Work task
In the listing below, find the line with "Large turtle with" and copy every line from there up to and including the line with "Top in Active", exactly and without pictures.

Input
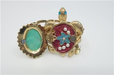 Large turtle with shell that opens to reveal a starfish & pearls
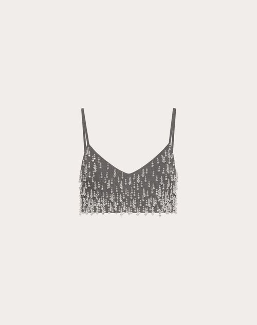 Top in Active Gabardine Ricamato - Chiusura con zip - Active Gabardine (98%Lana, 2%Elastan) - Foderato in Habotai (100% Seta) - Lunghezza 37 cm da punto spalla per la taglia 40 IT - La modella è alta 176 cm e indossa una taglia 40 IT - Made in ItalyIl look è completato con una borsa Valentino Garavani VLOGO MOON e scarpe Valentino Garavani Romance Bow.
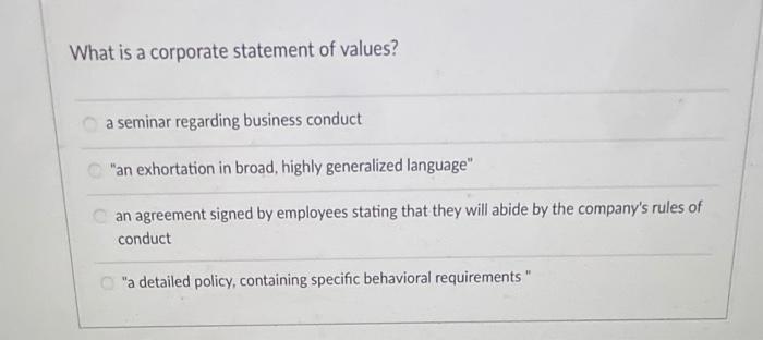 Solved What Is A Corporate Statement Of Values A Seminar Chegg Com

==

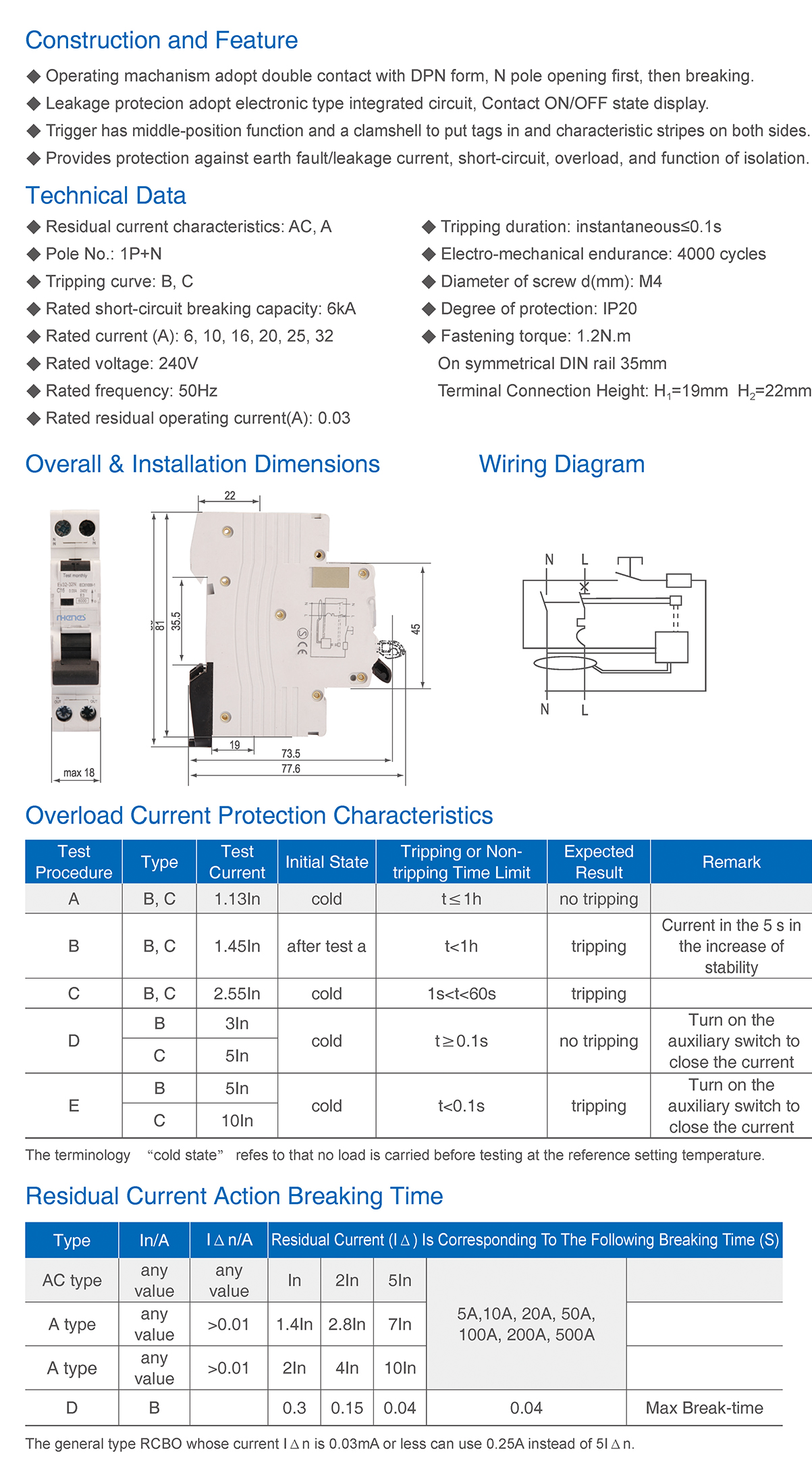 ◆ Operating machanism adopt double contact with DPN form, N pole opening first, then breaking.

==

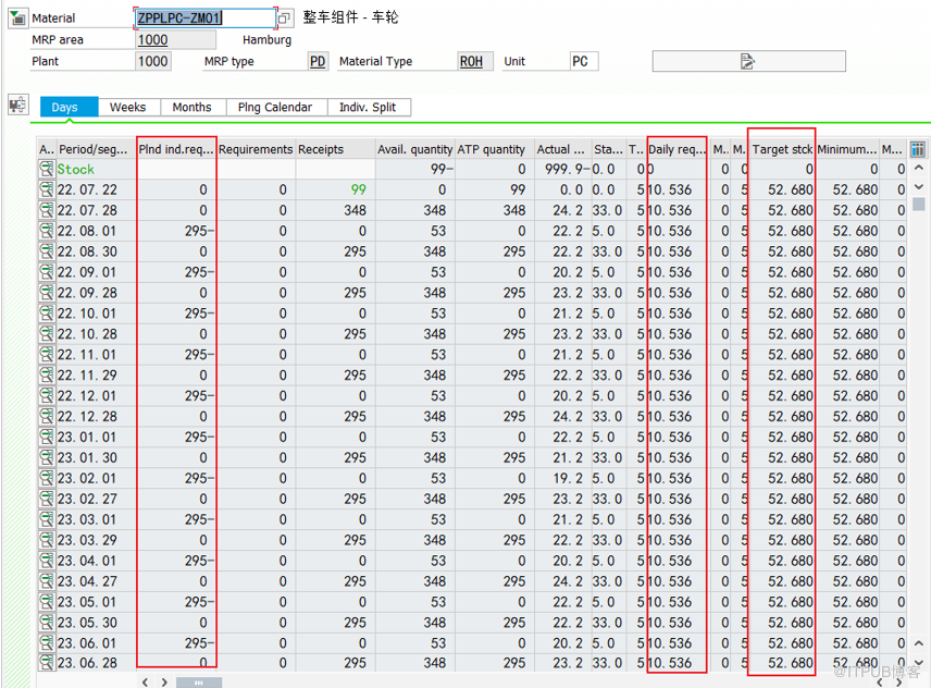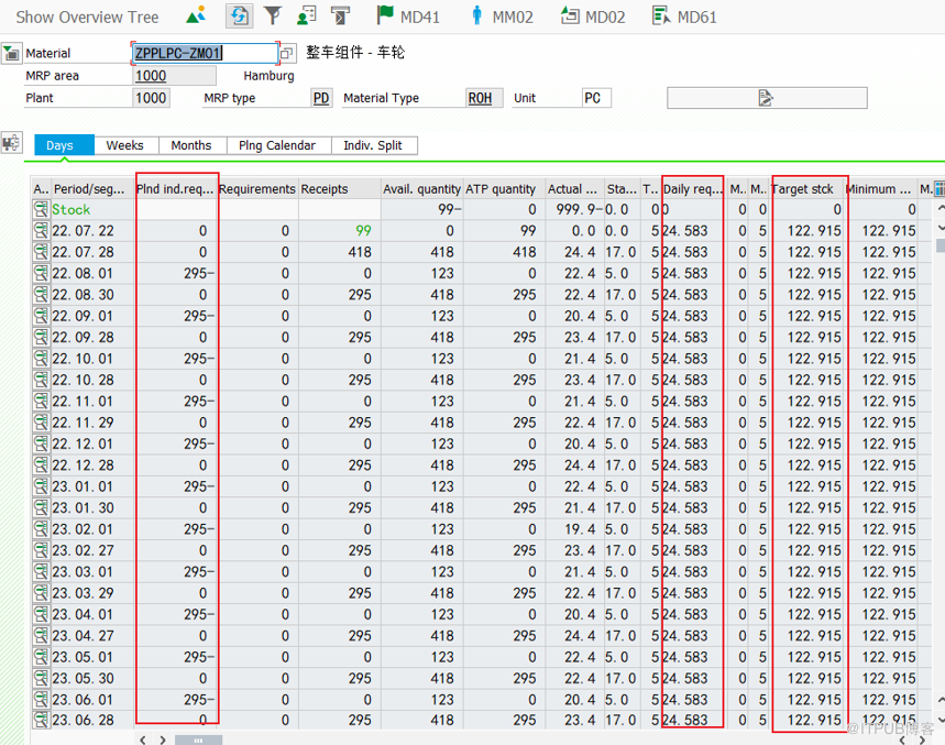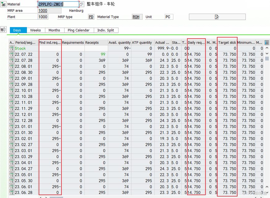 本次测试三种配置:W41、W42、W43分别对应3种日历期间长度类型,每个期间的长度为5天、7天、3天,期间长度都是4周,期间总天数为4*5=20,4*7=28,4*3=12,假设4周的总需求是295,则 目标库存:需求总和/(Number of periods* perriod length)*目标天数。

Response to the task
 Large turtle with shell that opens to reveal a starfish & pearls
 Top in Active Gabardine Ricamato - Chiusura con zip - Active Gabardine (98%Lana, 2%Elastan) - Foderato in Habotai (100% Seta) - Lunghezza 37 cm da punto spalla per la taglia 40 IT - La modella è alta 176 cm e indossa una taglia 40 IT - Made in ItalyIl look è completato con una borsa Valentino Garavani VLOGO MOON e scarpe Valentino Garavani Romance Bow.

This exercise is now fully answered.